How Trump’s Megabill will Change Your Taxes

Now, individual taxpayers want to know what difference this makes to their own returns and how changes could affect tax planning for this year and next. The short answer is that—unlike with the tax overhauls of 1986 and 2017—most of the changes for individuals aren’t radical.

Instead, the legislation makes permanent many key changes from 2017 that were set to expire at the end of 2025. These expirations would have raised taxes and disrupted planning for many filers.

1. Current Tax Bracket

Notably, the tax brackets individuals have gotten used to won’t change. The rates set in 2017 will stand at 10%, 12%, 22%, 24%, 32%, 35% and 37%. Many filers especially value the 22% and 24% brackets, which stretch from about $100,000 to $400,000 for married joint filers and half that for single filers.

2. Standard Deduction for non-itemized

The standard deduction for 2025 will be $15,750 for single filers and $31,500 for married joint filers and rise with inflation after that, according to the Tax Foundation. This fundamental change has simplified taxes for many and reduced the number of itemizers from about 30% of individual filers to less than 10%.

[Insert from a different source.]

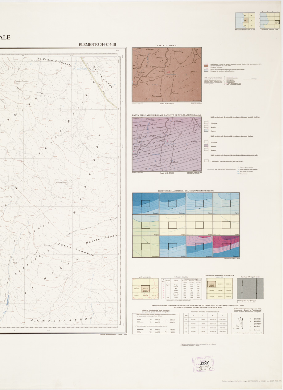 "Rappresentazione orografica a curve di livello, l'equidistanza fra le curve di livello: metri 5 per le curve a tratti metri 1. Altimetria espressa in metri e riferita al livello medio del mare (mareografo di Cagliari). Ripresa aerea, inquadramento geodetico e triangolazione aerea: I.G.M. (FI). Impianto cromo-fotolitografico: Ordis, Piacenza. Stampa: Pubbligraf, Napoli."

3. SALT Deduction for itemized

The new law expands the Schedule A deduction for state and local property, income or sales taxes from $10,000 per return to $40,000 for taxpayers with income up to $500,000 and phases down to $10,000 after that. The provision takes effect for tax year 2025 and expires at the end of 2029.

4. Child Tax Credit

The bill also makes permanent the $2,000 child tax credit enacted in 2017—and raises it a bit. Starting in 2025, the base amount will be $2,200 per child. It will be indexed for inflation going forward.

5. Estate and Gift Tax

It has new clarity as well. For 2025, the exemption is $13.99 million per individual, but that was set to drop to about $7 million in 2026. The new law sets a permanent base of $15 million per person starting in 2026, with inflation adjustments after that.

6. Charitable Donation

The new law has two key changes, and both take effect for tax year 2026. Starting next year, donors will be allowed to deduct $1,000 (single filers) and $2,000 ( joint filers) if they don’t itemize on Schedule A. A new limit on charitable donations for itemizers will also take effect next year. It disallows a portion of the deduction equal to 0.5% of a filer’s modified adjusted gross income. So a filer with $300,000 of MAGI would get no deduction for the first $1,500 of charitable donations on Schedule A. Givers who want to avoid it should consider accelerating donations into 2025.

7. Green energy provisions for individuals.

The new law ends several of these early. Taxpayers who want tax credits on new or previously owned “clean” vehicles must now place them in service by Sept. 30, 2025—not the end of 2032.

The deadline for qualifying for the energy-efficient home improvement credit is now Dec. 31, 2025, not the end of 2032, and the deadline for qualifying for the residential clean energy credit is now Dec. 31, 2025, not the end of 2034.

8. 529 education-savings plans.

The legislation expands tax-free withdrawals from these popular accounts to include more K-12 expenses, plus expenses for certifications and licenses such as HVAC work. This expansion takes effect in 2026.